We understood the Ofgem analysis was designed to test consumers’ responses to information about their energy use. The study’s method involved measuring the impact that various interventions, designed to influence consumers’ behaviour, had on their level of energy consumption. Those interventions were undertaken separately by four large energy providers, and while we understood the types of interventions were broadly similar across the providers, there was considerable variation in the methodology used by each energy provider. The study measured the impact of real-time displays, whereby consumers monitored their energy consumption as it was being used, in households with and without a smart meter. While we understood that generally speaking there was a drop in energy usage in households with a smart meter, the magnitude of the change was different between providers. Moreover, in several of the sub-studies it appeared that the effect of a real-time display in conjunction with a smart meter could not be isolated and was likely to have been affected by other influences.

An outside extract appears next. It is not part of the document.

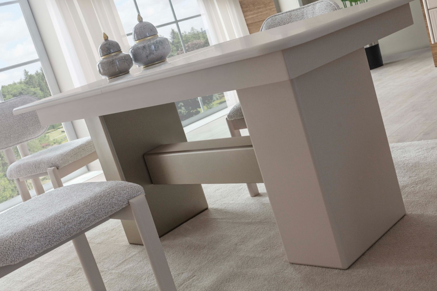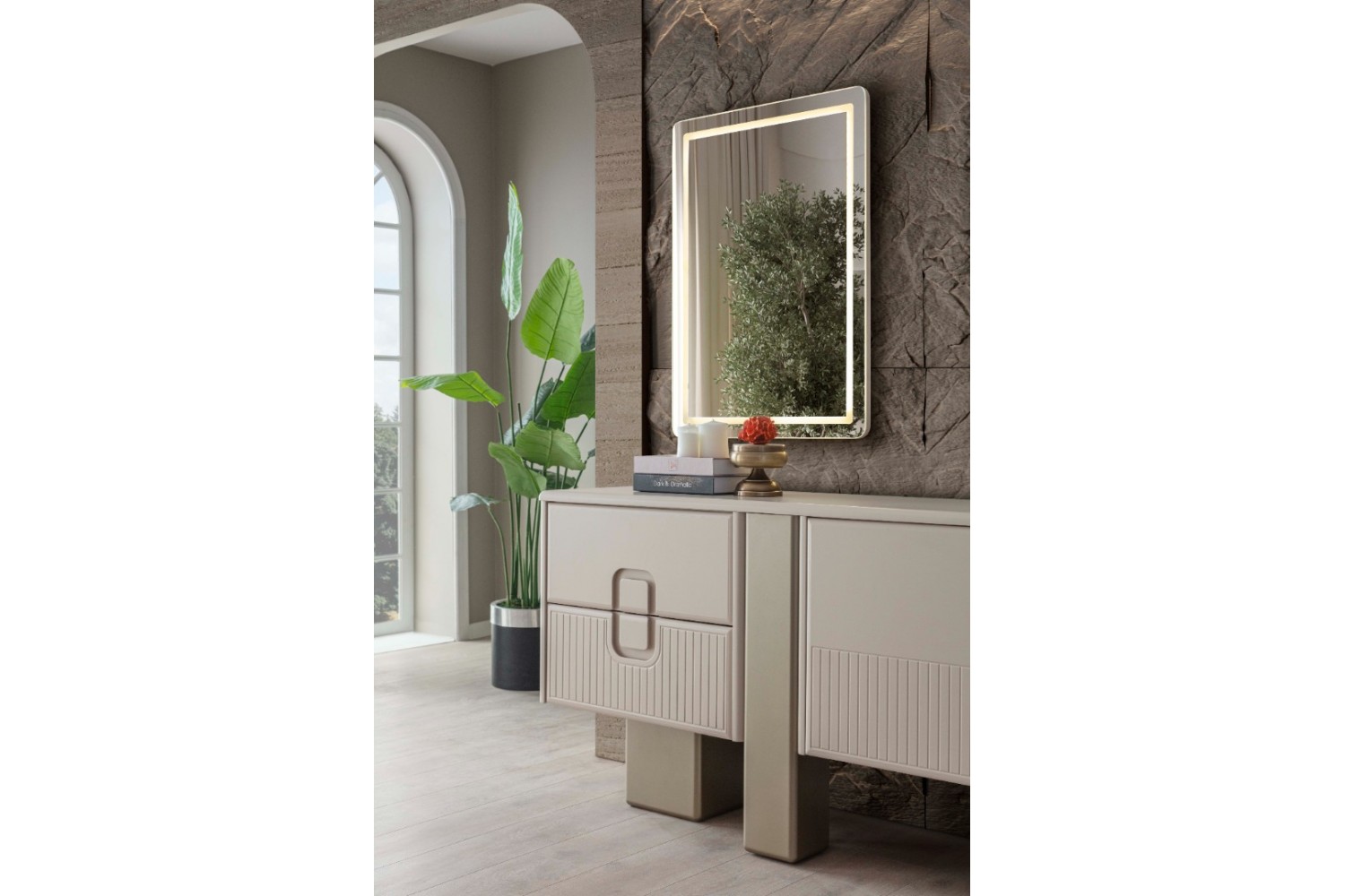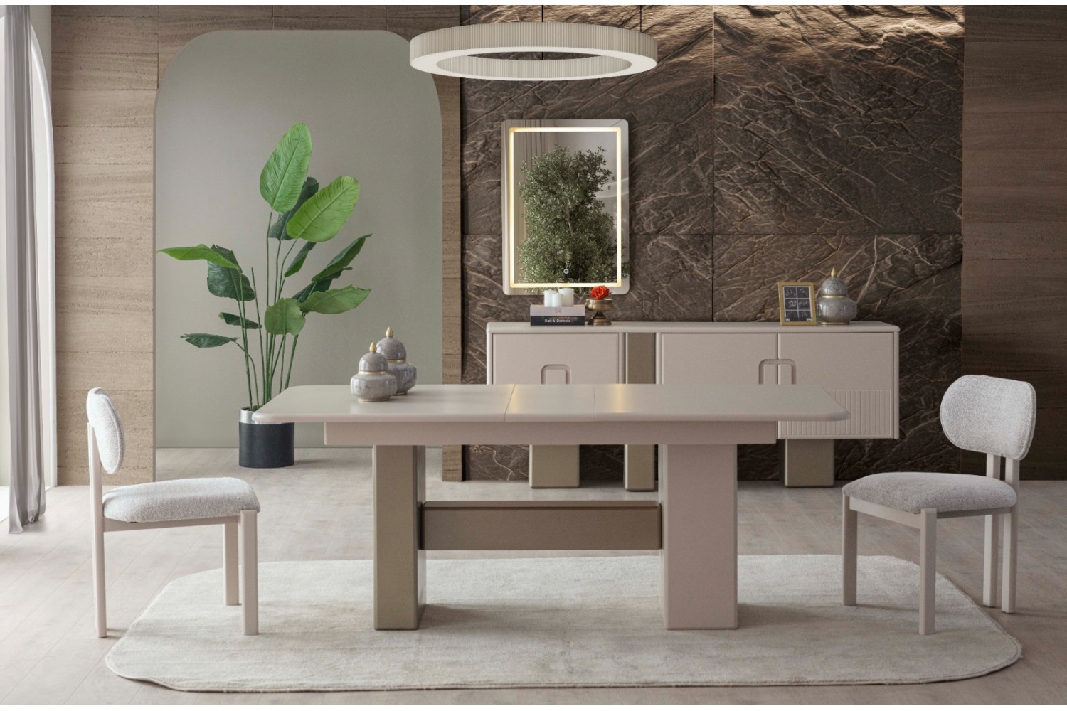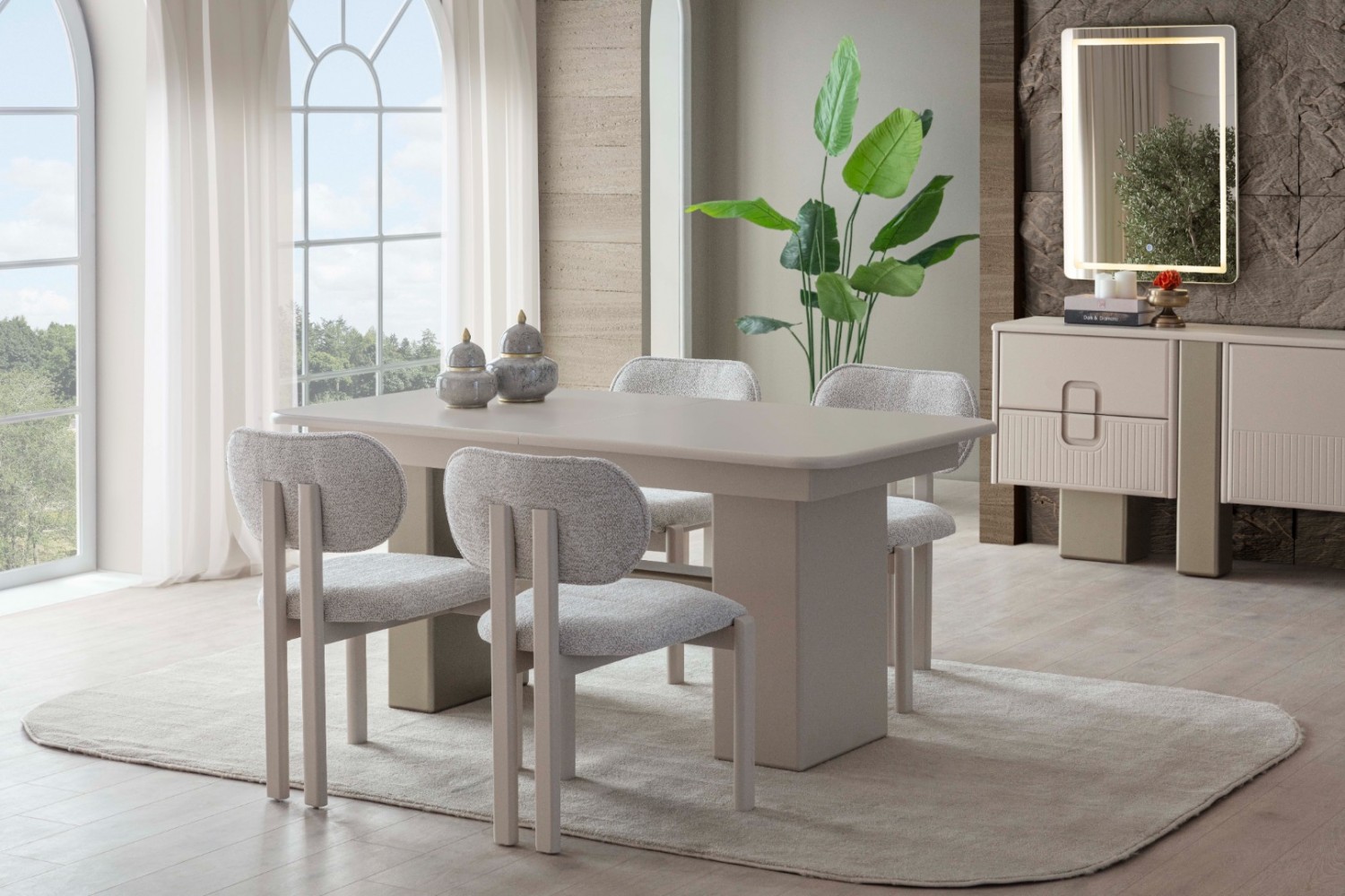 Takım İçeriği 1 Ad Konsol ve Aynası. 1 Ad masa ve  4 sandalyeden   Olusmaktadır. Resimde Görünen Tv Ünitesi ve Bench Fiyata Dahil Değildir. İstege bağlı olarak ekleme yapılabilmektedir Konsol yerine Tv ünitesi eklenebilir .
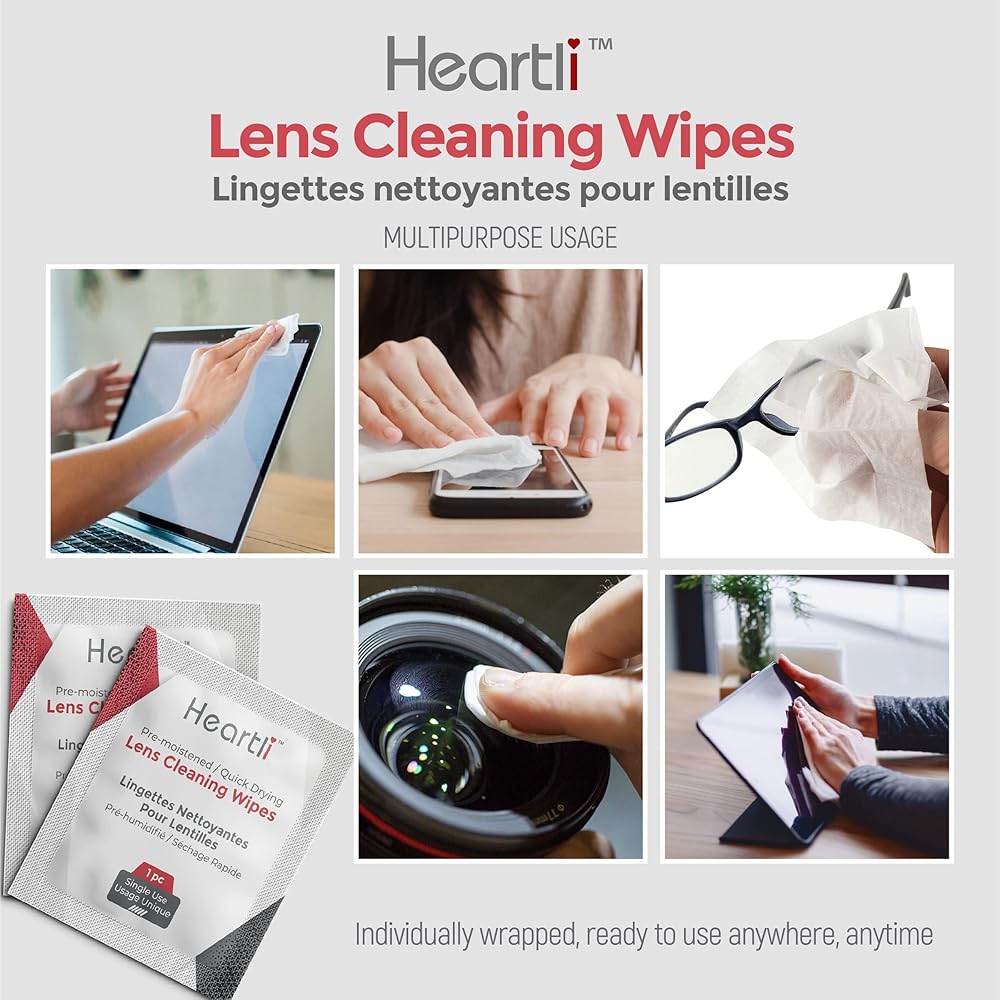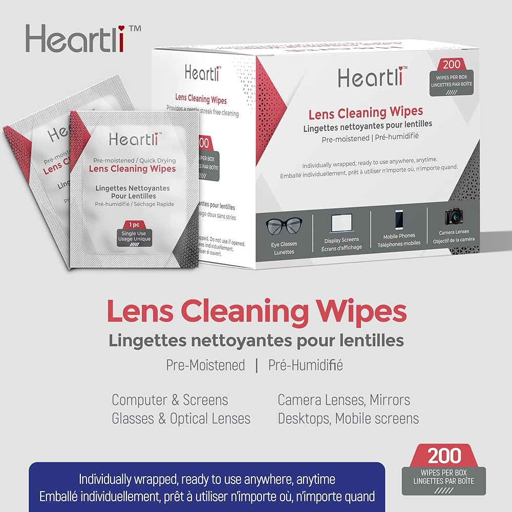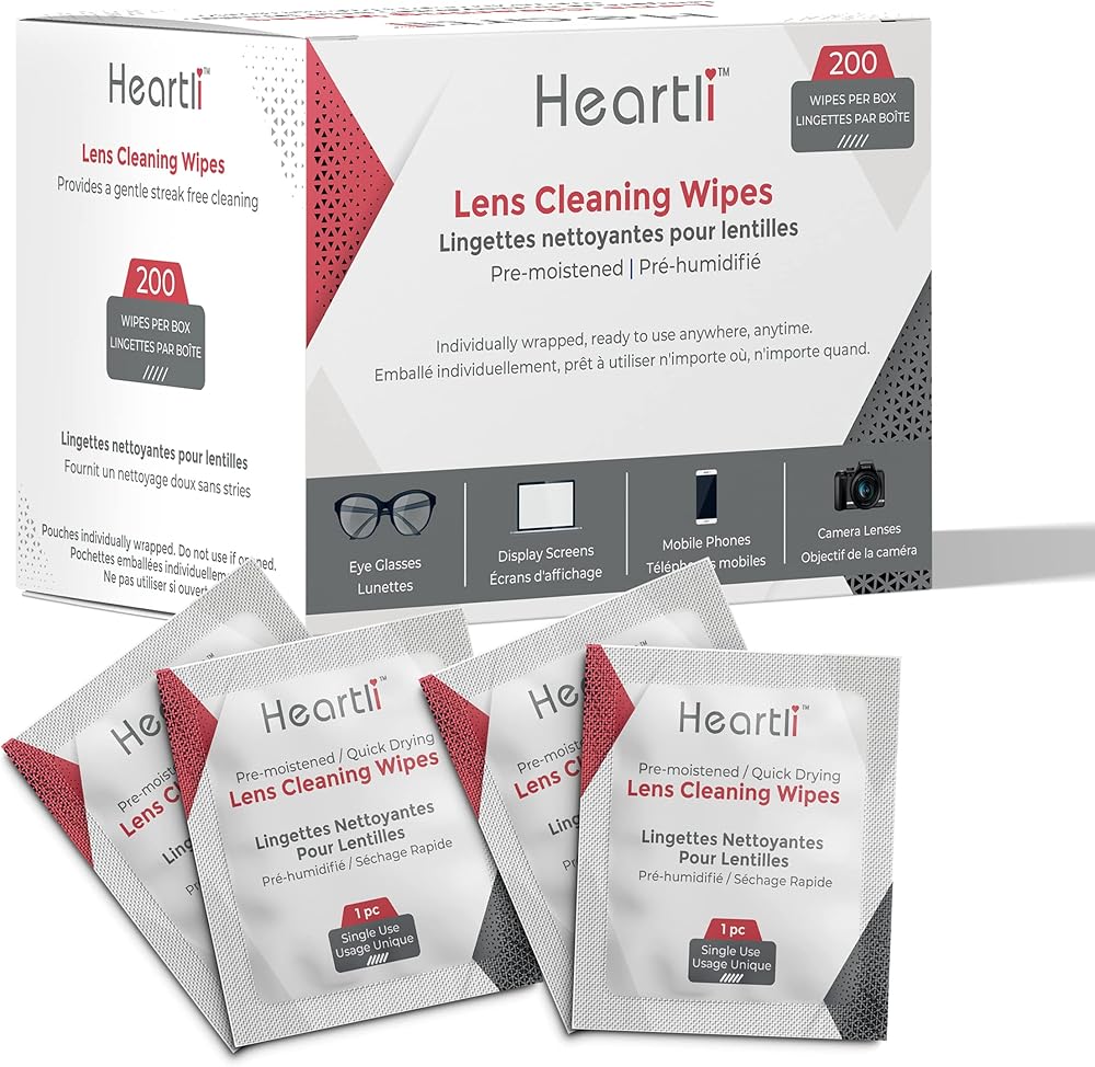 مناديل تنظيف العدسات الفاخرة المرطبة مسبقًا من هارتلي، سريعة الجفاف، مغلفة بشكل فردي لنظارات العين والشاشات وعدسات الكاميرا - تنظف، وتطهر، وخالية من الخطوط، وخالية من الوبر، ومناديل غير قابلة للخدش (200)

We considered the findings of the study in relation to whether smart-meter technology reduced energy usage were not conclusive.

The further study from DECC similarly sought to understand the effect that a smart meter with real-time display had on consumers’ energy consumption. It sought to compare the effect that smart meter installation had on the energy consumption of one group of households, relative to those without a smart meter. In contrast to the previous study, we noted that smart meter installation was the only variable being tested and therefore that the analysis could more reliably isolate the impact of a smart meter. We understood that the study accounted for external factors that might impact on energy consumption and we considered its methodology was robust. It concluded that the installation of a smart meter and real-time display would, on average, lead to a statistically significant reduction in annual electricity consumption of 2.3% and gas consumption of 1.5%. Given the findings of the report, we concluded this evidence was sufficient to substantiate a claim that, on average, installation of a smart meter led to a fall of around 2.0% in energy consumption.

Smart Energy GB supplemented this evidence with a submission in September 2016 by British Gas to the House of Commons Science and Technology Select Committee, to support their claim that over the two-year period following installation of a smart meter by British Gas customers, energy consumption on average fell by  3.1 3.1 Advertisements must not materially mislead or be likely to do so.   more, relative to those on a standard meter. This statement was based on a comparison of energy usage by their customers two years post-installation of a smart meter. The evidence showed that both smart meter and standard meter customers experienced a fall in energy on average over this period. However, the greater magnitude of decline for smart-meter customers was attributed to the installation of this device. It wasn’t clear from the evidence supplied how many British Gas customers were included in the sample, nor whether the comparison controlled for other factors besides smart meter installation that might have affected household energy consumption. Nevertheless, we acknowledged the evidence lent further weight to suggest that installation of a smart meter on average led to a fall in energy consumption of a similar magnitude to that stated in the ads.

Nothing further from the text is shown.